RSS

can’t sleep

17 Feb

Ugh, so I wanna go to bed, I need to go to bed, but I can’t shut my mind off.  I’m afraid tonight may be a sleeping pill night.  *le sigh*

So I thought I’d come BS a bit more.  Earlier, I’d put on my blue nighty, come out to the living room and brought D to bed with me.  🙂 We had a good quickie, he brought me to orgasm several times before cumming himself.  I love being filled with his cum, I really do.  There’s just a connection with it, that I feel.  Plus, it’s always nice to have the reminder when some of it slips out later on in the night, or the next day 😉 Yea, that’s nasty…but true! LOL

I’m quite looking forward to the weekend. I have this crazy need to clean, dunno where it’s coming from.  I think organize is more like it, I still have a few things I need to dig through and stuff.  I think also this weekend that we’re gonna put a curtain between the living room and dining room/ kitchen.  It’ll be nice, to add a little flavor, as well as keep us from seeing the kitchen all the time and thus thinking about food, as well as regulate temperature a bit more. We live in a pretty old building with hot water heat, so the temp can fluctuate something crazy.
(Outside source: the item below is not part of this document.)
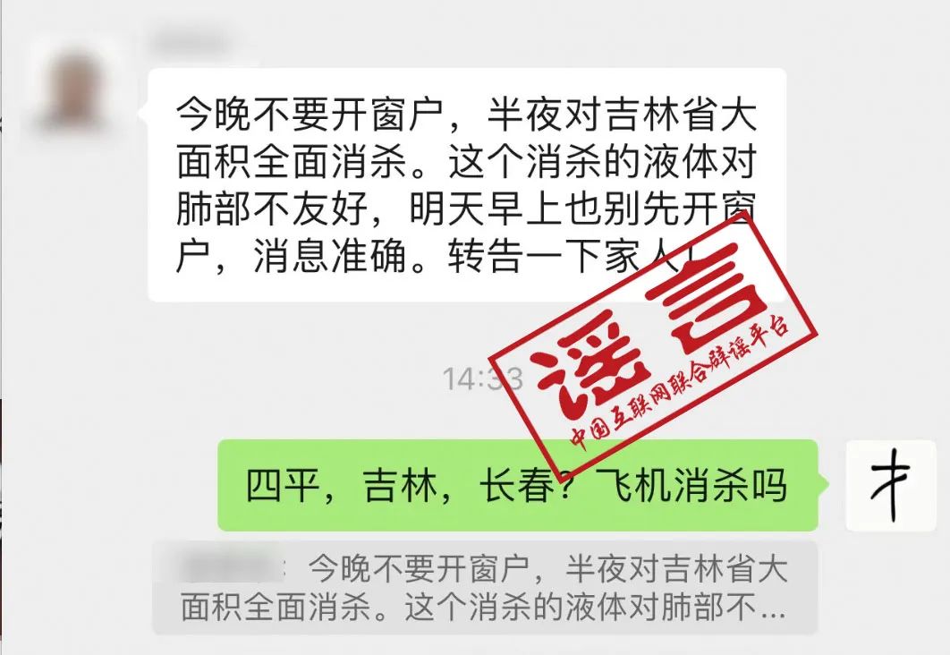 近日,一条“提醒”声称,不要开窗户,半夜将对吉林省大面积全面消杀。
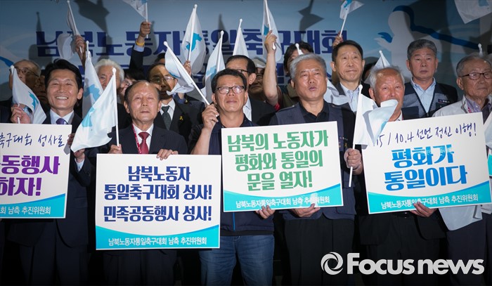 (서울=포커스뉴스) 15일 오후 서울 여의도 국회도서관에서 남북노동자통일축구대회 공동추진위원회 결성식를 마친 김동만 한국노총 위원장, 최종진 민주노총 위원장 직무대행 등 남측 추진위원회 참석자들이 한반도기를 흔들며 취재진을 향해 포즈를 취하고 있다.

That’s about it.  I have my physical Monday, so I’m looking forward to that.  Have been having some health/body issues that I need to talk to my physician about.  Need some help with pain management as well.  At home I can do things to handle it, but at work and such I don’t have things available that I have at home.  Last time I brought it up she refused to give me anything because of the risk of addiction, but there has to be *something* I can have for work, so I can actually finish a shift when my fibro acts up.  I’m considering seeing about intermittent FMLA just in case, for job protection…but still.

Anyway, that’s about it.  Me and D are winding down now… think I”m gonna pop a pill, check the cats food and water situation and curl up again.

Pleasant nightmares all!!

 
5 Comments

Posted by on February 17, 2010 in daily life

 

Tags: , , ,

5 responses to “can’t sleep

  1. Shii

    February 18, 2010 at 12:22 AM

    I have read that semen, when absorbed through the walls of the vagina, is actually a natural anti-depressant. So, just another reason why sex is awesome ;0

    I hope you sleep well!

     
    • Jessie Beth

      February 18, 2010 at 10:25 PM

      I did thanks! 🙂 Ended up giving in and taking a sleeping pill, so it knocked the shit out of me LOL …figuratively speaking that is 😛

      I told D what you said about anti-depressant, and he said he’d heard that too. So, I wouldn’t be surprised!

       
  2. redvinylkitty

    February 18, 2010 at 11:34 AM

    I love the whole fluid bonding thing too. Mmm. I tried to explain this to Master, because we have been able to have sex without condoms for the first time in a long time, this month. I just LOVE it. He doesn’t really feel the same I do, but OMG, love it. lol.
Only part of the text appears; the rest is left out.